[Records from a data source]
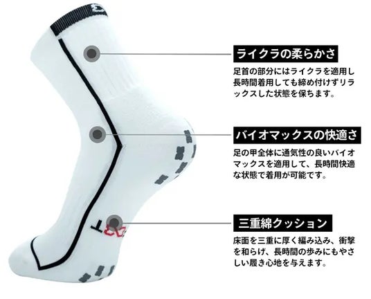 ソールは綿三重クッションで心地良く、足の甲はバイオマックスで快適さを与え、足首はライクラで優しく抑えてくれる3つの効果を一度に感じることができます。
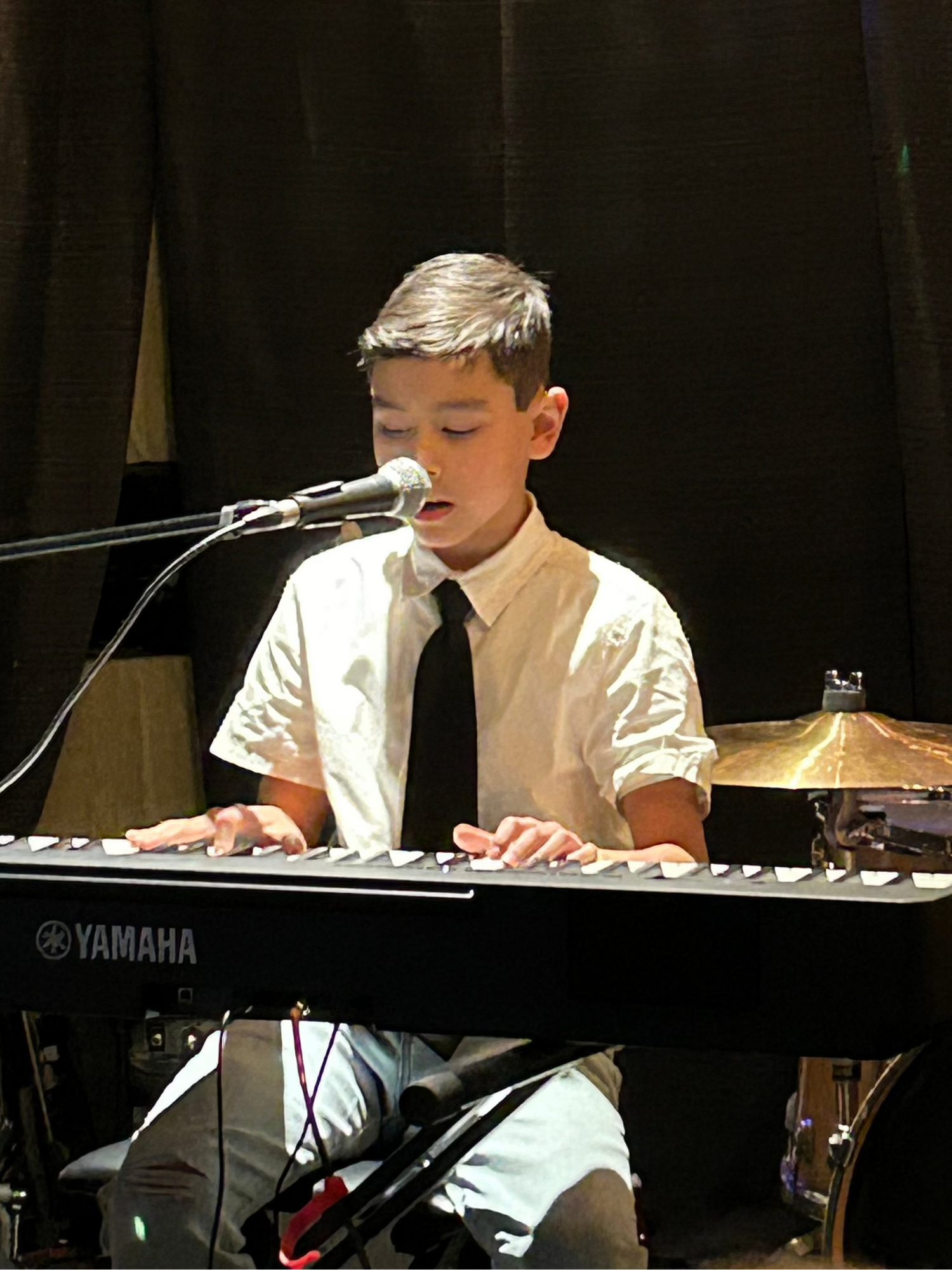Jaxon began as a beginner pianist, inspired by his love for Coldplay. After just 6 months of focused learning, he now plays a wide range of songs—including “Clocks” and “A Sky Full of Stars”—and has developed his singing as well. He’s a regular performer at our shows and a key member of our teen band, contributing backing vocals and playing both piano and keyboards.
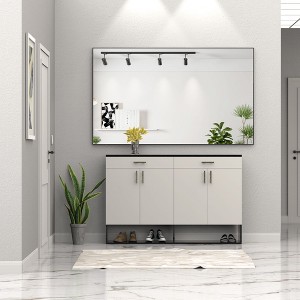 Discover versatility and elegance with our oversized 60x43 inch mirror, featuring a unique removable tray design for customized placement. Crafted with a high-definition silver mirror and durable aluminum frame, it offers expansive, crystal-clear reflections perfect for bathrooms, bedrooms, living rooms, and makeup studios. Its flexible mounting options allow for use as both a bath mirror and a full-length floor mirror. Each mirror undergoes strict quality testing and is packaged with shockproof materials and a wooden bar to ensure it arrives in pristine condition, ready to be the focal point of any space.
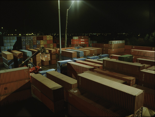 Brendan captured all of his reference photos for the cg containers at the shoot to ensure the lighting was the same. As soon as the crew finished their shots and moved on to a new point of view, he would follow up with his camera. All of the distant background, plus the haze over the scene, was created at Mr X by matte painter Milan Schere.
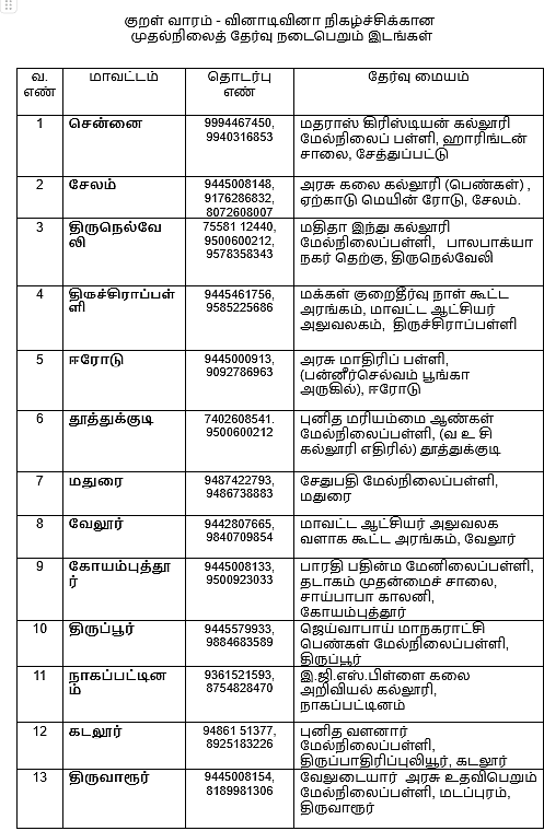 சென்னை மாவட்டத்தில் பணிபுரியும் அரசு மற்றும் அரசுசார் நிறுவன அலுவலர்கள்/பணியாளர்கள் (அனைத்து நிலைகளிலும்) மற்றும் ஆசிரியர்கள் (அனைத்து நிலைகளிலும்) முதல்நிலைத் தேர்வில் (கொள்குறி முறை) பங்குபெறும் வகையில், இதனுடன் இணைக்கப்பட்டுள்ள விரைவுத் துலங்கல் குறியீட்டின் மூலம் பதிவு செய்யப்பெறலாம்.
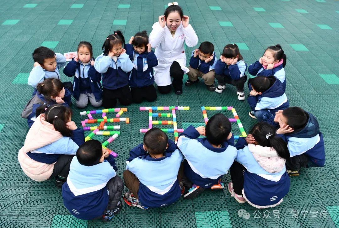 3月1日,在常宁市第二幼儿园,一名学校保健员和小朋友围在用积木摆放的“爱耳日”字样周围做护耳游戏。(曹莉媛 钱辉)

• WORK ORDER: Copy every line exactly, from the opening line of the entries down to the line holding "Jaxon began as", and keep the pictures out.

• SOLVED PROBLEM:
 ソールは綿三重クッションで心地良く、足の甲はバイオマックスで快適さを与え、足首はライクラで優しく抑えてくれる3つの効果を一度に感じることができます。
Jaxon began as a beginner pianist, inspired by his love for Coldplay. After just 6 months of focused learning, he now plays a wide range of songs—including “Clocks” and “A Sky Full of Stars”—and has developed his singing as well. He’s a regular performer at our shows and a key member of our teen band, contributing backing vocals and playing both piano and keyboards.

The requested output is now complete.